EXERCISE MATERIAL below:

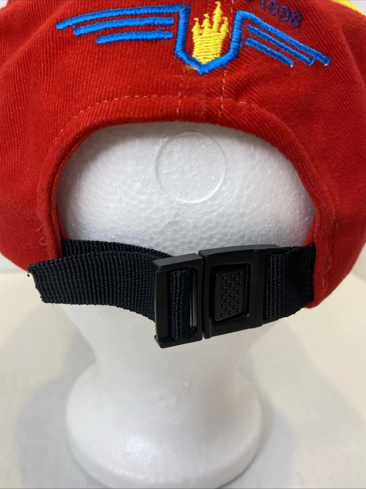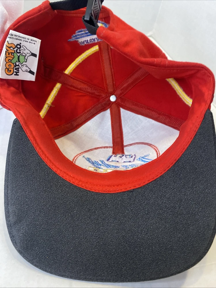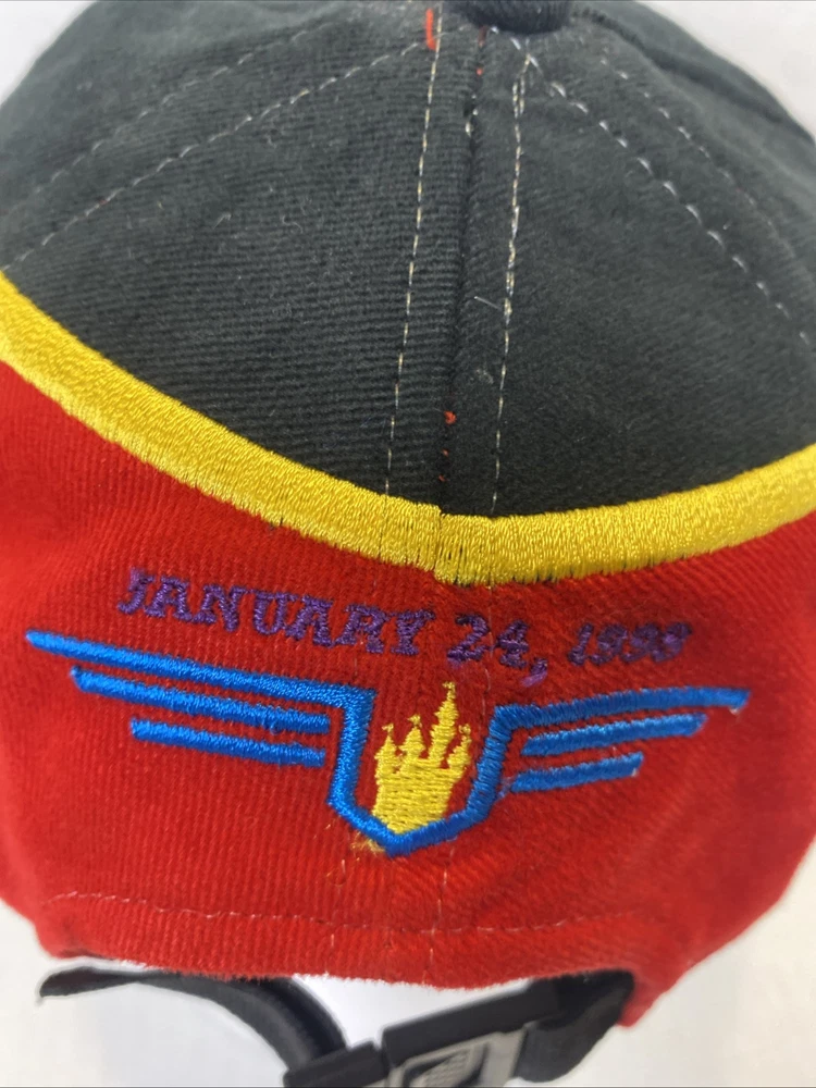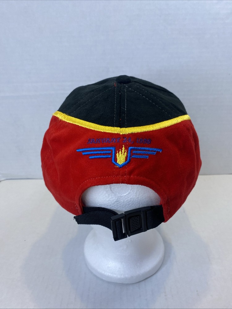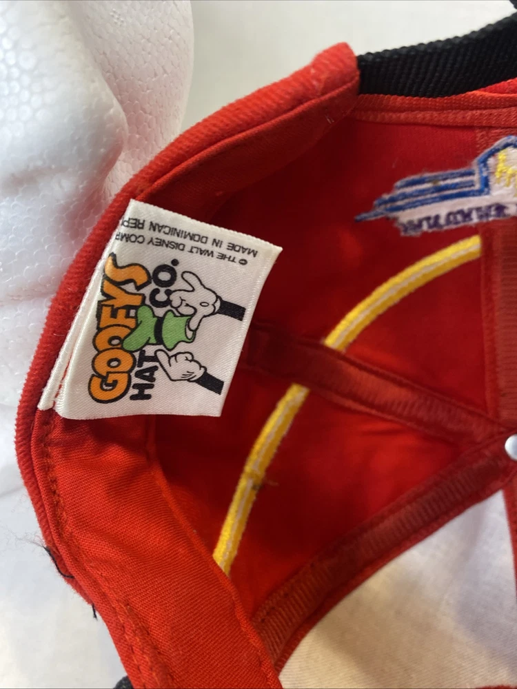 This Walt Disney World Indy 200 hat is in great pre owned condition with no scuffs or rips 100% cotton with a rubber bill to imitate a tire on a race car Embroidered on the front and the back One size fits all Buckle back that’s adjustable Great piece of vintage Disney memorabilia Please see photos Let me know if you have any questions Thank you
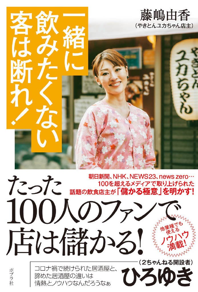 「やきとんユカちゃん」およびふじ嶋グループは、飲食店がコロナ禍の苦境に立たされても決して諦めず、その最前線で女将・藤嶋由香(ユカちゃん)が現場の声をストレートに発信し続けました。 この姿勢は数多くのニュース番組やメディアで取り上げられ、その歯に衣着せぬ物言いと業界への熱い想いは反響を呼び、「2ちゃんねる」開設者・ひろゆき氏が帯コメントを寄せた自身の著書『一緒に飲みたくない客は断れ!』(ポプラ社)の出版にも繋がりました。
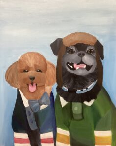 題材に私の愛犬を描きました。左の子がタイニー•プードルで、右の子がミックス犬です。私が愛犬を描こうと思った理由は、私が愛犬が大好きで、そんな2匹を絵にしたいと思い描きました。中学2年生の時にも愛犬の油絵を描いたことがあり、この数年間で絵のタッチの仕方が変わり画力が上がったんだと実感する事ができました。作品を描いていて大変だなと思った事は、愛犬の目です。特に右側の子の目が実際宇宙みたいな瞳をしているので表現するのが難しく大変だと感じました。けれど愛犬を描いていてここをもうちょっとこうしたいなとか、ここの毛の色工夫したいなと色々気づく事が多くて描いていてとても楽しかったです。
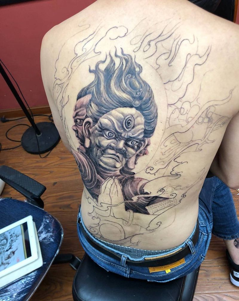 黑灰满背纹身图案
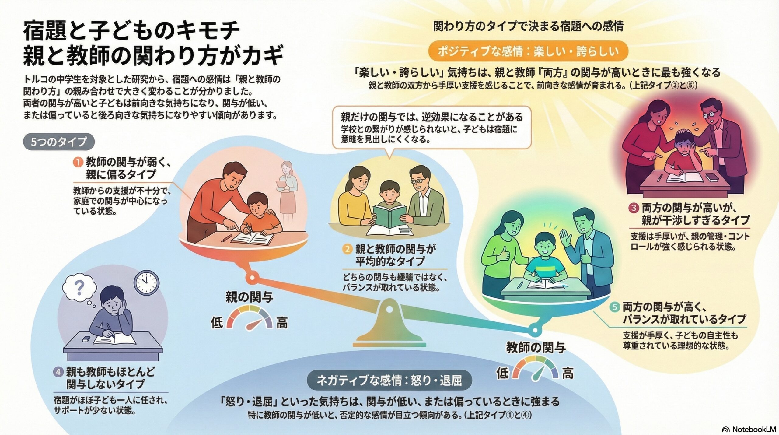 - 親だけ多くて教師の関与が少ないと否定的な感情が出やすく、関わり方のバランスが大切だとされている。
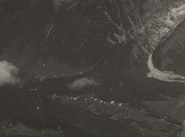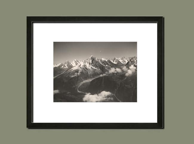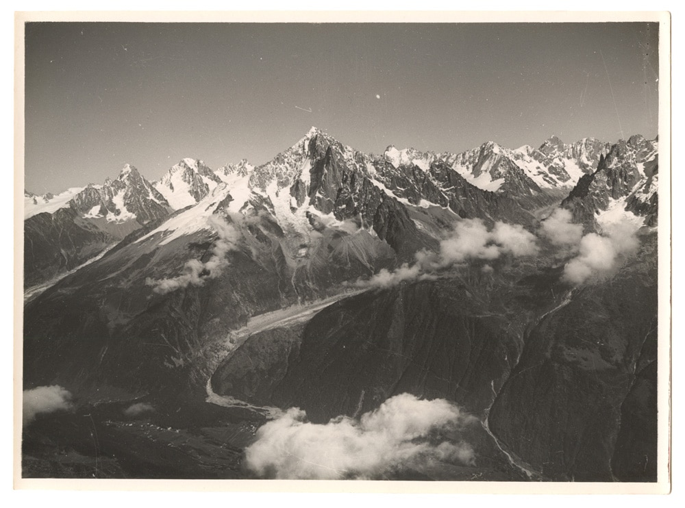 Ce cliché en noir et blanc présente un intérêt historique majeur : il fixe l’état des lieux d’un paysage alpin emblématique dans les années 30. Au centre donc, l’imposante et immuable Aiguille Verte (4 122 m). Elle s’élance vers le ciel et domine fièrement la chaîne des Aiguilles de Chamonix.

End of EXERCISE MATERIAL.

*WHAT IS EXPECTED*. Print the listing again exactly, please. Keep the pictures out of it.

*ANSWER SECTION*.
 This Walt Disney World Indy 200 hat is in great pre owned condition with no scuffs or rips 100% cotton with a rubber bill to imitate a tire on a race car Embroidered on the front and the back One size fits all Buckle back that’s adjustable Great piece of vintage Disney memorabilia Please see photos Let me know if you have any questions Thank you
 「やきとんユカちゃん」およびふじ嶋グループは、飲食店がコロナ禍の苦境に立たされても決して諦めず、その最前線で女将・藤嶋由香(ユカちゃん)が現場の声をストレートに発信し続けました。 この姿勢は数多くのニュース番組やメディアで取り上げられ、その歯に衣着せぬ物言いと業界への熱い想いは反響を呼び、「2ちゃんねる」開設者・ひろゆき氏が帯コメントを寄せた自身の著書『一緒に飲みたくない客は断れ!』(ポプラ社)の出版にも繋がりました。
 題材に私の愛犬を描きました。左の子がタイニー•プードルで、右の子がミックス犬です。私が愛犬を描こうと思った理由は、私が愛犬が大好きで、そんな2匹を絵にしたいと思い描きました。中学2年生の時にも愛犬の油絵を描いたことがあり、この数年間で絵のタッチの仕方が変わり画力が上がったんだと実感する事ができました。作品を描いていて大変だなと思った事は、愛犬の目です。特に右側の子の目が実際宇宙みたいな瞳をしているので表現するのが難しく大変だと感じました。けれど愛犬を描いていてここをもうちょっとこうしたいなとか、ここの毛の色工夫したいなと色々気づく事が多くて描いていてとても楽しかったです。
 黑灰满背纹身图案
 - 親だけ多くて教師の関与が少ないと否定的な感情が出やすく、関わり方のバランスが大切だとされている。
 Ce cliché en noir et blanc présente un intérêt historique majeur : il fixe l’état des lieux d’un paysage alpin emblématique dans les années 30. Au centre donc, l’imposante et immuable Aiguille Verte (4 122 m). Elle s’élance vers le ciel et domine fièrement la chaîne des Aiguilles de Chamonix.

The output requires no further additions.